I have a terrible habit of going into the grocery store knowing for certain that I only need two, maybe three, things, and thereby eschewing the baskets that sit at the front in a stack. Never mind the fact that 100 percent of the time that I enter a store in search of almost nothing, I emerge with at least four items. Often, if I am in a wandering mood, the count can go so high as to prohibit my using the express lane, which at this point I desperately need for the respite that is placing a teetering heirloom tomato and a pint of ice cream that I am holding with one freezing finger on the belt.
When I wasn’t working, I would grocery shop during the day, but these days my hubs and I often stop in the store in the evening while we are out. I have gotten into the habit of breezing on through the doors while he knowingly goes and gets a basket. He used to ask me if we needed a basket, and invariably, I stammered around and landed on no, probably not. And he used to believe me. But here we are, more than a decade into this experiment that is our marriage, and the transaction is now most often a silent one, unless I bother to laugh and call after him that I really don’t need a basket, really. It’s just going to be milk. While at the 7 year mark this might have thrown him, caused him to also eschew the basket as well, he, the ever-seasoned companion that he is, turns a deaf ear to my hollers across the double-doored gateway of the grocery store and proceeds determinedly toward the basket that there is no doubt we need. I then remark somewhere about halfway through the shopping that the basket is nice, but we probably could have carried it all. He smirks and walks down the aisle, one hand holding a basket so full that the green onions are teetering on top and in the other hand he has a gallon of milk.

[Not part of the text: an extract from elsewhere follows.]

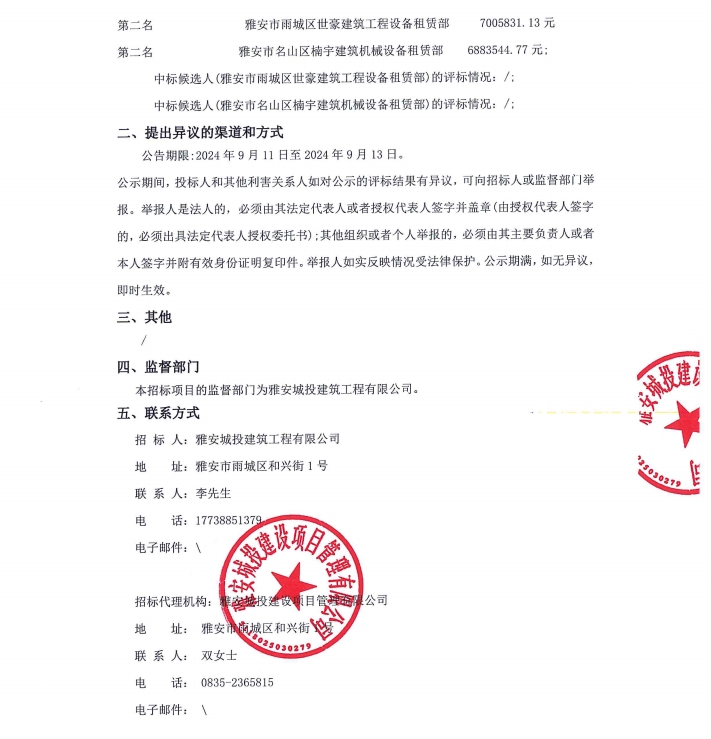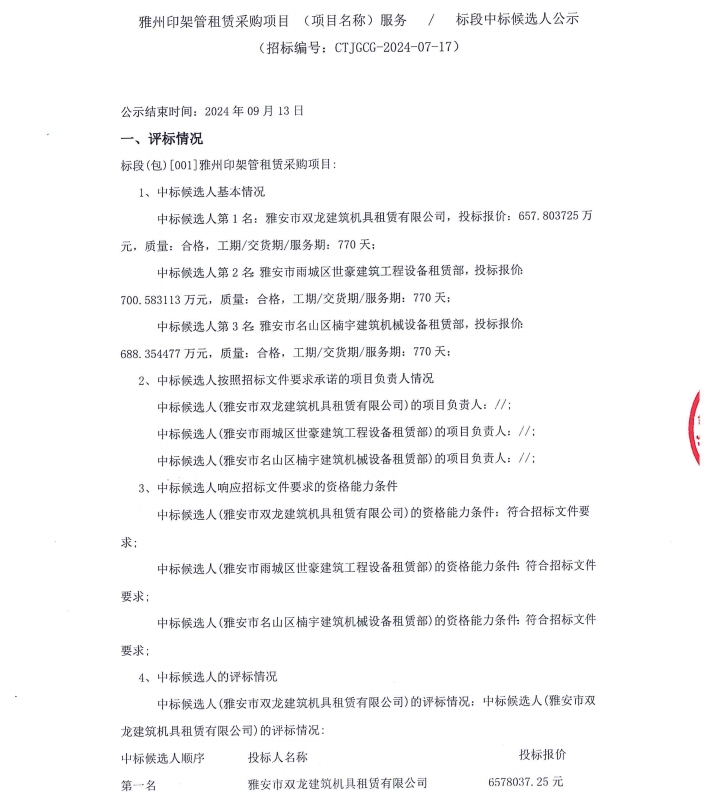 雅州印架管租賃采購項目(項目名稱)服務(wù)/標段中標候選人公示公告

Today was no different. I was going to stop by the store and grab some ice cream and a couple of potatoes and maybe a tomato. As I slipped there the door, I didn’t see a stack of baskets, but I didn’t mind. I knew that there was no way I’d have trouble carrying some potatoes and ice cream. And a tomato and some orange juice and some paper towels and a pack of sausage and then my bag of potatoes hit the deck. I embarrassingly set the tomato down in the refrigerated meat section while I tried to carefully recover the bag and the one errant potato that had rolled across the floor.

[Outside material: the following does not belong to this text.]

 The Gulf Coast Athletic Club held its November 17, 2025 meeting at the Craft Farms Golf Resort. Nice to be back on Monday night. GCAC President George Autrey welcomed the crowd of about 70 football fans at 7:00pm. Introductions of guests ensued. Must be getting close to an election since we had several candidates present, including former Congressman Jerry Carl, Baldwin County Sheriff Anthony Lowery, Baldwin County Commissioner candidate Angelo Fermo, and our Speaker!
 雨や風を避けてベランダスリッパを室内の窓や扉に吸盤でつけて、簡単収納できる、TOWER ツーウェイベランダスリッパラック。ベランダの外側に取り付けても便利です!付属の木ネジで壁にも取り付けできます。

I quickly glanced at the man standing three feet away watching me as I scooped everything back up in my arms, undeterred and heading to shop for bread that somewhere between produce and dairy, I remembered we needed. The stranger kindly turned to me and asked, “Would you like my basket?” as he lifted one tiny bag of produce out of his basket. “No, no thanks. I’m fine,” I said, the delusion of my ability to carry a weeks worth of groceries in my two arms shined. He pushed the basket toward me and insisted that he was almost done shopping, his face kind and slightly amused. I smiled and thanked him and made some joke about how he was having an economical trip to the store and how I always think I am only going to pick up one thing. He laughed, and I loaded the basket and walked away. Armed with a basket I soon loaded to the brim, I proceeded to buy toothpaste and popsicles and pork rinds and then flirting with the idea of purchasing bread, I decided that I am apparently not cleared to shop alone. Thank you kind man with the basket for rescuing the tomato I was carrying from meeting a grim demise splattered on the grocery store floor.
I know it is just a grocery store, and thanks to the memes that populate my Facebook feed, I know that I am not alone in this idiosyncrasy. In all honesty, I don’t know why here in my late thirties, I persist in such an obviously insanely optimistic (nay futile) behavior.
I like to think it is because I am carefree. Because I truly believe that I only need one thing. Because I am that person that can run in and out of the store in three minutes.
But I am not. I am a wanderer, a browser, a gatherer.
Perhaps my behavior is because I do not really know myself.
And maybe it would behoove me to take a moment and sit with who I really am.
A girl with her arms full, in need of a basket, every single time.
Someday I will admit that I cannot carry all the groceries, and even if I can, I don’t need to.
Perhaps on that same day I will admit that I cannot do everything in my life, and maybe I don’t need to do that either.
Perhaps I will take a moment to pause and find a basket because it will make the next few minutes easier. Because it will let me hold more. Because that little bit of time spent in procuring something to carry will make my life more full.
Perhaps when I am wise enough to remember that my items in a grocery store pile up unexpectedly, I will be wise enough to understand that life throws things at you in ways and in moments that you cannot anticipate. That sometimes your hands are too small to hold onto all of the hurt and even the love. That you can ask for help. That you can seek out others to lend you a hand.
That you are enough, but that does not mean that you have to carry it all.